LISTED RECORDS

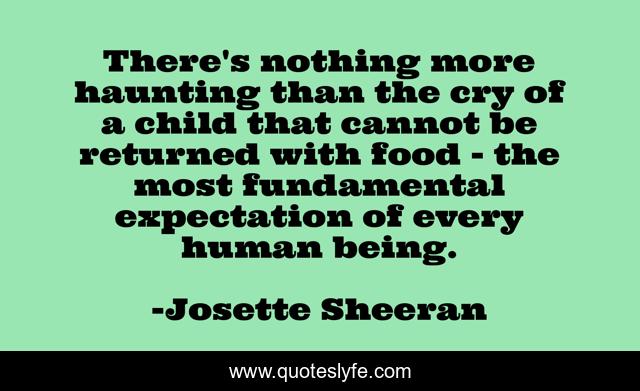 This page presents the quote "There's nothing more haunting than the cry of a child that cannot be returned with food - the most fundamental expectation of every human being.". Author of this quote is Josette Sheeran. This quote is about expectation, human, child,.
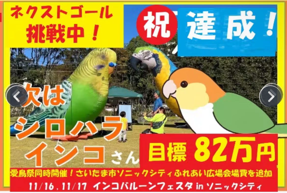 2024/09/16 09:31この度は、シロハラインコバルーン製作のクラウドファンディングを応援・ご支援いただき、本当にありがとうございます!おかげさまで、当初の目標63万円を達成して、シロハラインコバルーン製作することができます!(祝)また、ネクストゴールとして、11/16,11/17 さいたま市で開催するイベント「インコバルーンフェスタ in ソニックシティ」の会場使用料 18万円を追加して、ネクストゴール82万円として、みなさまの応援、ご支援をいただきました。最終は、749,000円 当初目標の118%という、すばらしい結果になりました!本当にありがとうございます。みなさまの想いが、たくさん集まって生まれたシロハラインコバルーンさんは、きっと、多くの人々に愛されて、動物愛護のメッセージを伝えていけると思います!今からが、また、大本番です!鳥さんの世界がもっと、もっと良くなるように、啓発活動をがんばっていきます!今後とも、どうぞ、よろしくお願いいたします!NPO法人ハッピーインコ 芳賀秀樹 もっと見る
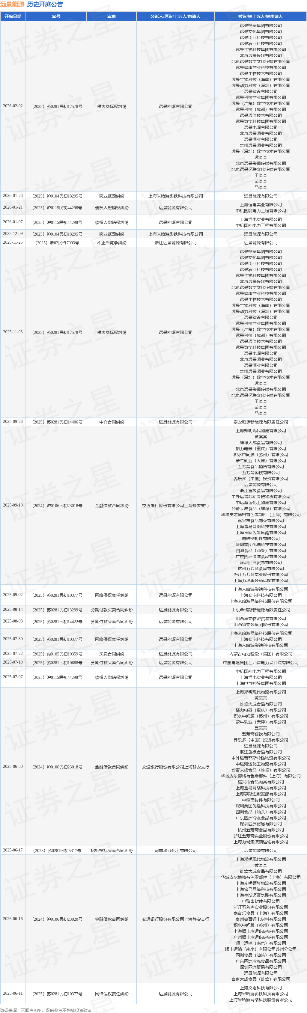 案号:(2025)沪0104民初18295号根据统计,近一年内以远景能源有限公司为当事人的历史开庭公告有33则,其中案由为“分期付款买卖合同纠纷”的公告以6则居首,其次为“侵害商标权纠纷”有3则,“债权人撤销权纠纷”有3则。历史开庭公告(前20条)如下:
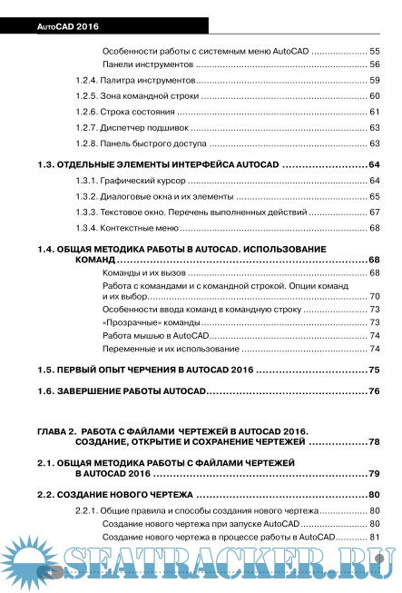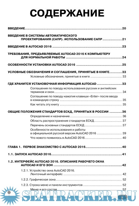 В книге подробно описаны все стадии работы от начальной настройки параметров чертежа, выполнения построений и их редактирования до нанесения размеров и штриховок, вывода чертежа на печать. По ходу изложения даются рекомендации и описываются средства по улучшению качества и скорости выполнения чертежей. Рассматриваются специальные возможности и технологии AutoCAD 2016, включая параметрическое проектирование. В конце каждой темы приводятся практические упражнения и примеры. Даются наглядные методики использования различных инструментов для решения конкретных задач: вы по шагам разбираете построение различных объектов и смотрите, как и какие инструменты для этого используются. Все это делает книгу незаменимой для самостоятельного изучения AutoCAD 2016 и позволяет добиться наилучшего результата в понимании материала и освоении программы. Завершает книгу удобный справочник команд.
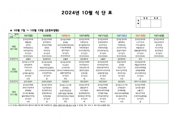 10월 둘째주 식단표 페이지 정보 작성자 은천노인복지회 작성일24-10-04 11:48 조회15,007회 댓글0건 관련링크 이전글 다음글 목록 답변 본문 . 이전글 다음글 목록 답변
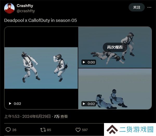使命召唤即将与死侍和金刚狼电影联动! 据Dot Esports报道,近日一位名为Crashfty的推特用户泄露了一些有趣的视频,声称使命召唤:现代战争3、战区和战区手游将与超级英雄电影死侍和金刚狼展开跨界联动。据称,死侍角色将获得新的处决动作。这意味着2024年最受期待的电影之一可能会成为游戏的联动对象之一。
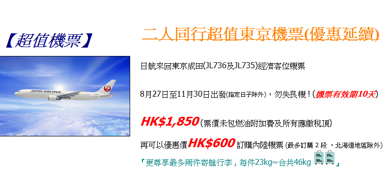 香港往返東京二人同行每人只需$1,850,連埋稅都只係$2,728,比全日空既東京優惠平約$40
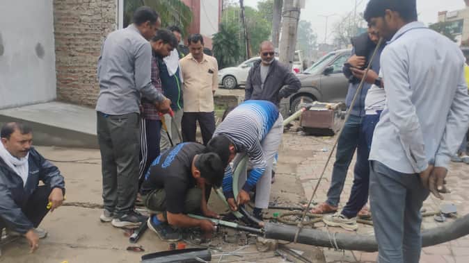 दिल्ली रोड पर हुए बिजली के फॉल्ट को सही करते विद्युत कर्मी। संवाद- फोटो : स्रोत : विभाग
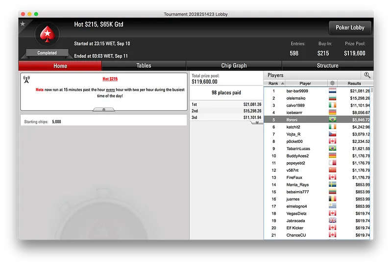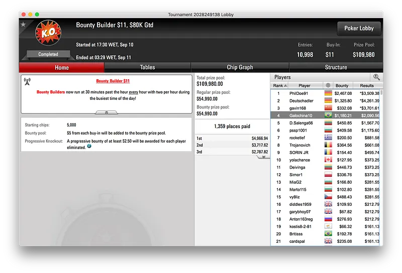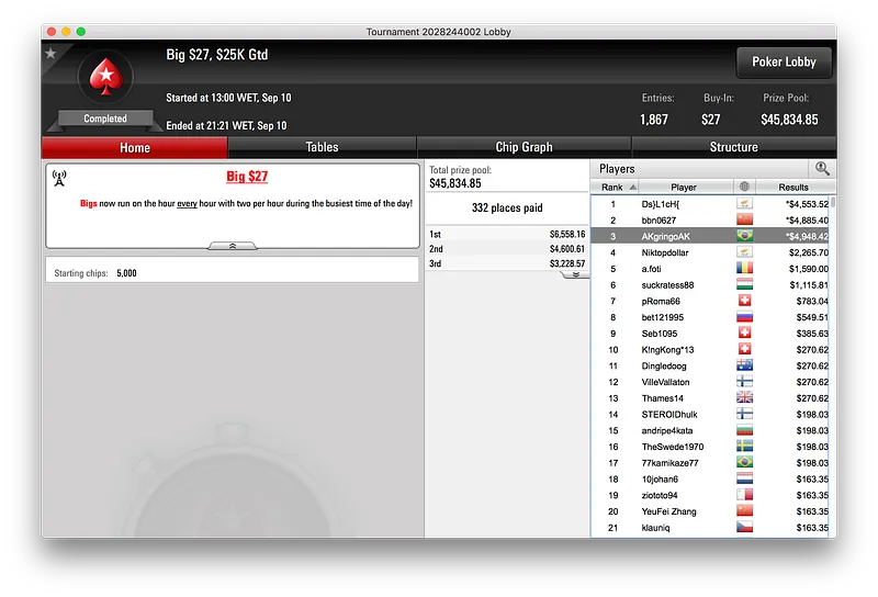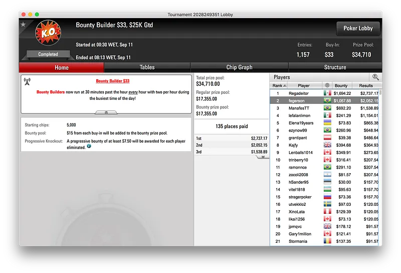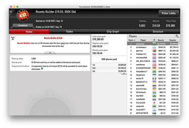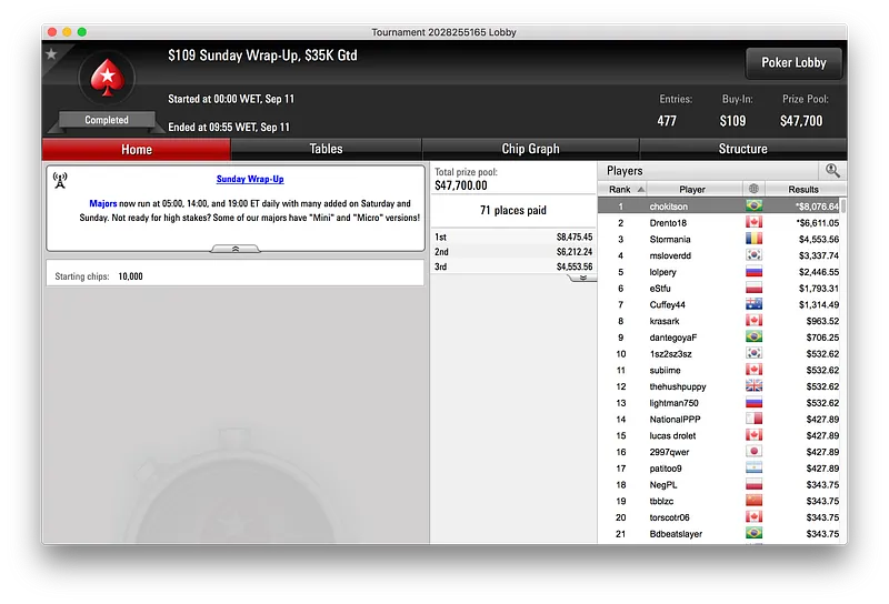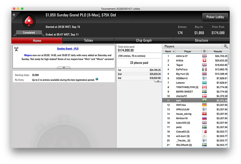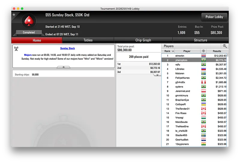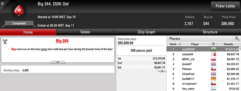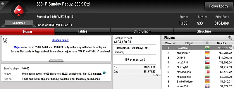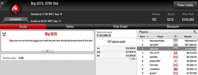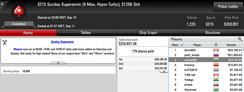 O maior de todos veio do $700 Super-Sized Sunday onde Lorenzo "charlie580" Bazei foi vice-campeão e recebeu $38.332 pela sua prestação. O único jogador que conseguiu derrotar Bazei foi o Canadiano "apestyles" que acabou embolsando $82.417. A mesa final contou ainda com a presença de mais dois Brasileiros, PLF111 (7º - $10.466) e oakley007274 (8º - $8.849).

INSTRUCTIONS TO FOLLOW
Could you repeat, exactly and with nothing added, the lines from the top of the entries above through the line that holds "案号:(2025)沪0104", leaving out any pictures?

OUTPUT FOR THIS TASK
 This page presents the quote "There's nothing more haunting than the cry of a child that cannot be returned with food - the most fundamental expectation of every human being.". Author of this quote is Josette Sheeran. This quote is about expectation, human, child,.
 2024/09/16 09:31この度は、シロハラインコバルーン製作のクラウドファンディングを応援・ご支援いただき、本当にありがとうございます!おかげさまで、当初の目標63万円を達成して、シロハラインコバルーン製作することができます!(祝)また、ネクストゴールとして、11/16,11/17 さいたま市で開催するイベント「インコバルーンフェスタ in ソニックシティ」の会場使用料 18万円を追加して、ネクストゴール82万円として、みなさまの応援、ご支援をいただきました。最終は、749,000円 当初目標の118%という、すばらしい結果になりました!本当にありがとうございます。みなさまの想いが、たくさん集まって生まれたシロハラインコバルーンさんは、きっと、多くの人々に愛されて、動物愛護のメッセージを伝えていけると思います!今からが、また、大本番です!鳥さんの世界がもっと、もっと良くなるように、啓発活動をがんばっていきます!今後とも、どうぞ、よろしくお願いいたします!NPO法人ハッピーインコ 芳賀秀樹 もっと見る
 案号:(2025)沪0104民初18295号根据统计,近一年内以远景能源有限公司为当事人的历史开庭公告有33则,其中案由为“分期付款买卖合同纠纷”的公告以6则居首,其次为“侵害商标权纠纷”有3则,“债权人撤销权纠纷”有3则。历史开庭公告(前20条)如下:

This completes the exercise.